**Task statement**:
The listing below should be printed in full and exactly, apart from its images.

**Recorded data**:
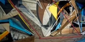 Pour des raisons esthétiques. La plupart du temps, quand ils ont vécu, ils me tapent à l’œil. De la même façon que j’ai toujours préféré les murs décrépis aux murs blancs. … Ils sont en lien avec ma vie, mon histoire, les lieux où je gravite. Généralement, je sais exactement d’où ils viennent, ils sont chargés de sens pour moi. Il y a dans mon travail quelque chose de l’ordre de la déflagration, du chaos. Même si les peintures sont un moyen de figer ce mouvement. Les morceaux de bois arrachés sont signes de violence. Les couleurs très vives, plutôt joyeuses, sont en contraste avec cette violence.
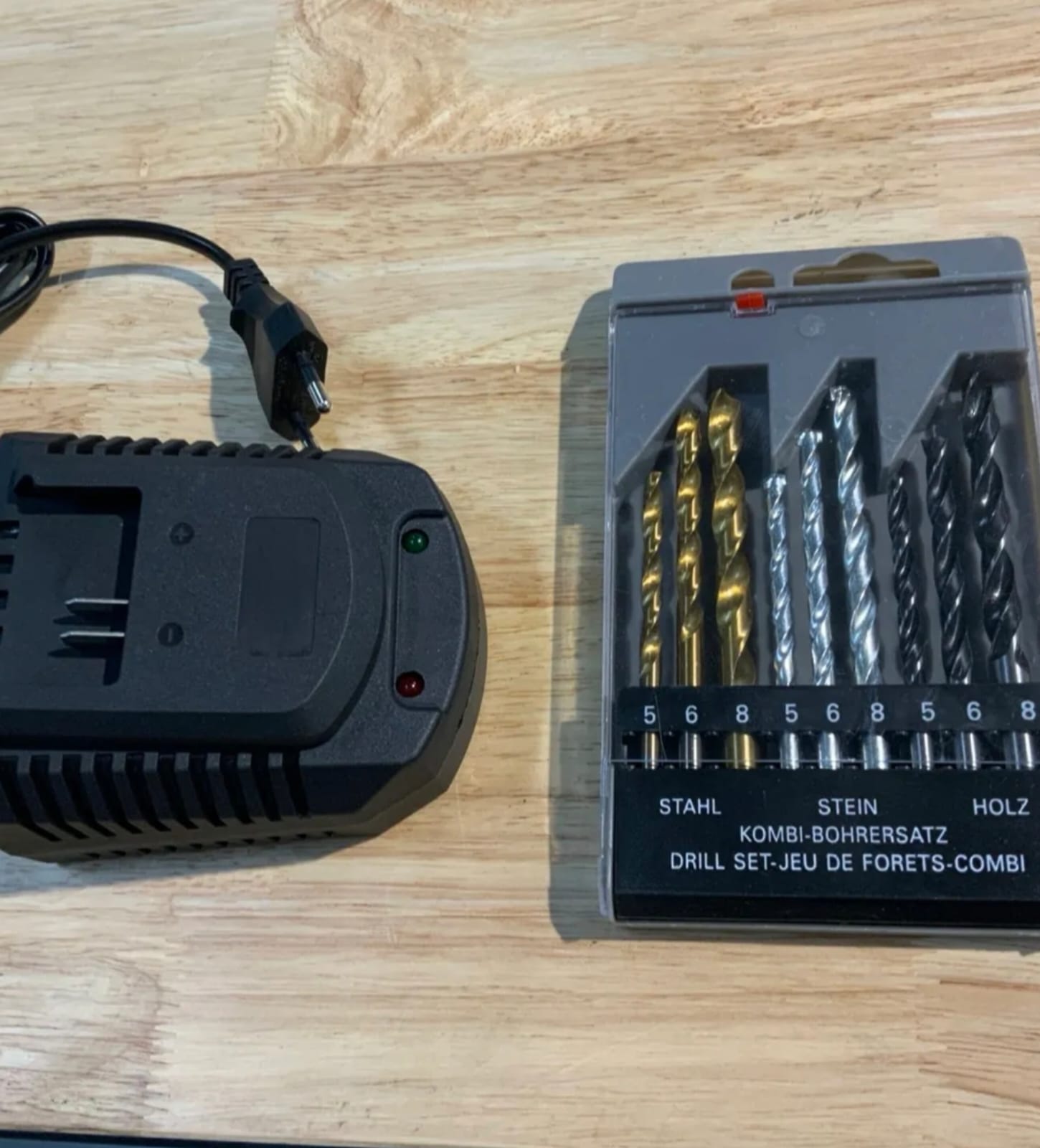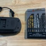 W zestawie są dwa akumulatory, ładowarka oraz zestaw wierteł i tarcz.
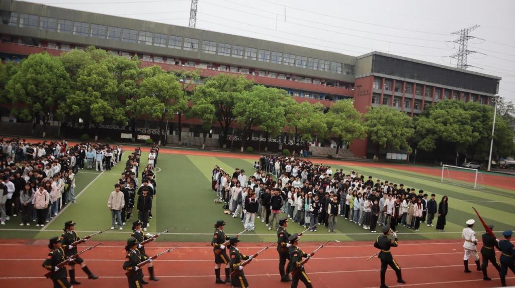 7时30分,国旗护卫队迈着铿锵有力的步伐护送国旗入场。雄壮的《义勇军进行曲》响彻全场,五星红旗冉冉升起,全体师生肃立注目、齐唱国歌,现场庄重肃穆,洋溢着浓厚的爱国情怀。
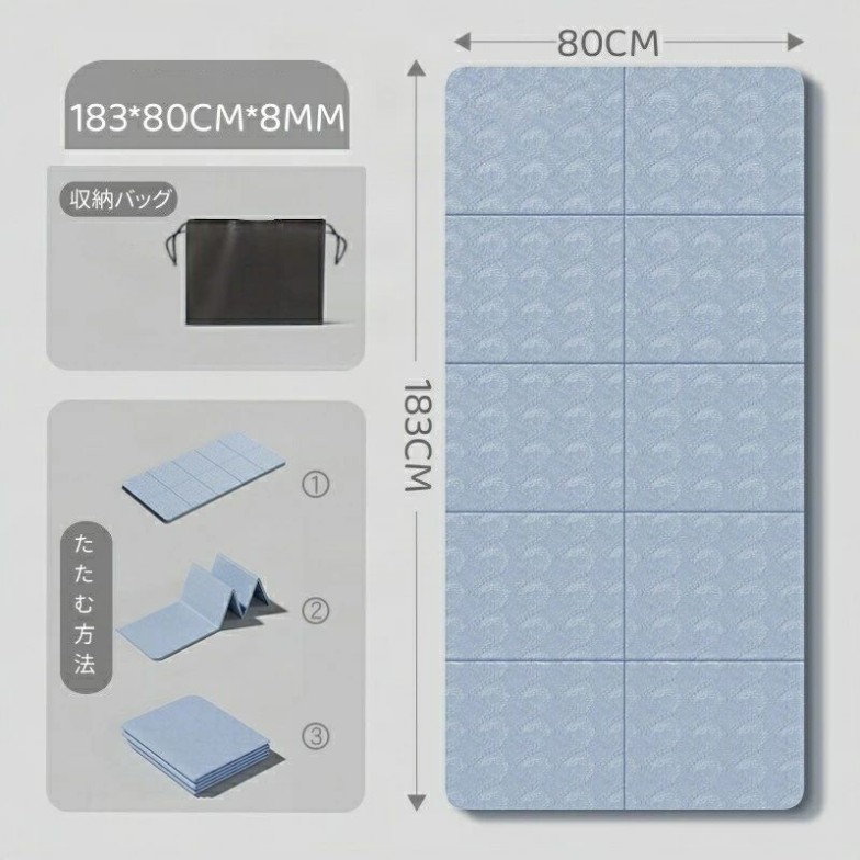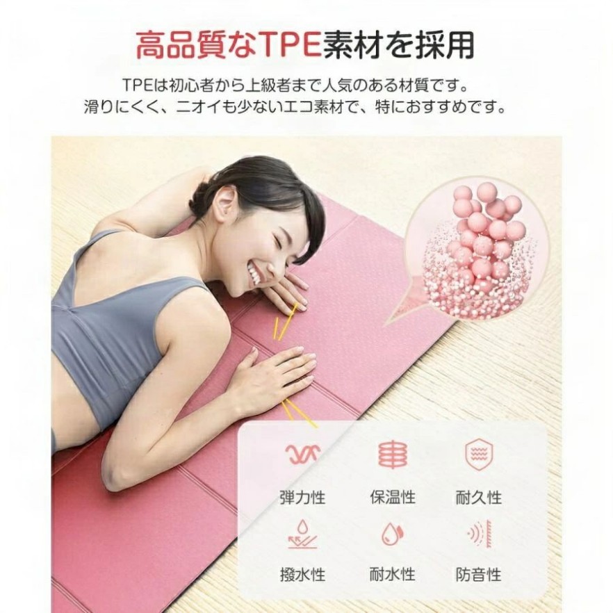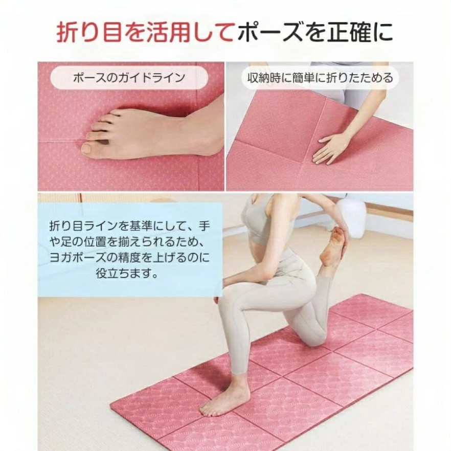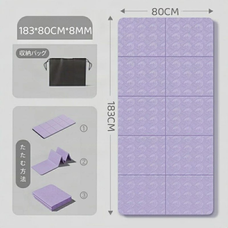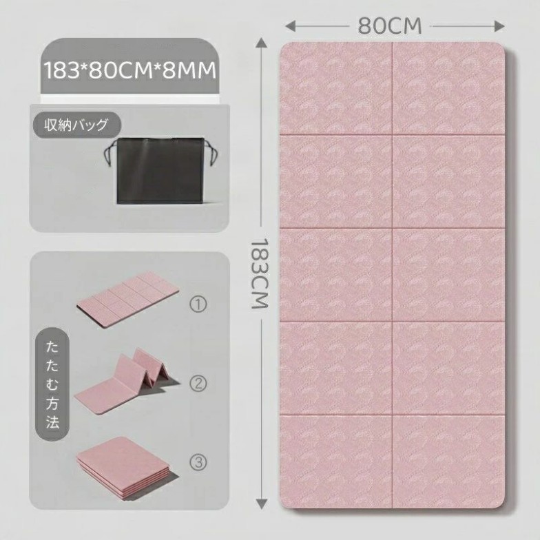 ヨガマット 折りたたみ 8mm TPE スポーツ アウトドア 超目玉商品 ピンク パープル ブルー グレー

**Output for this exercise**:
 Pour des raisons esthétiques. La plupart du temps, quand ils ont vécu, ils me tapent à l’œil. De la même façon que j’ai toujours préféré les murs décrépis aux murs blancs. … Ils sont en lien avec ma vie, mon histoire, les lieux où je gravite. Généralement, je sais exactement d’où ils viennent, ils sont chargés de sens pour moi. Il y a dans mon travail quelque chose de l’ordre de la déflagration, du chaos. Même si les peintures sont un moyen de figer ce mouvement. Les morceaux de bois arrachés sont signes de violence. Les couleurs très vives, plutôt joyeuses, sont en contraste avec cette violence.
 W zestawie są dwa akumulatory, ładowarka oraz zestaw wierteł i tarcz.
 7时30分,国旗护卫队迈着铿锵有力的步伐护送国旗入场。雄壮的《义勇军进行曲》响彻全场,五星红旗冉冉升起,全体师生肃立注目、齐唱国歌,现场庄重肃穆,洋溢着浓厚的爱国情怀。
 ヨガマット 折りたたみ 8mm TPE スポーツ アウトドア 超目玉商品 ピンク パープル ブルー グレー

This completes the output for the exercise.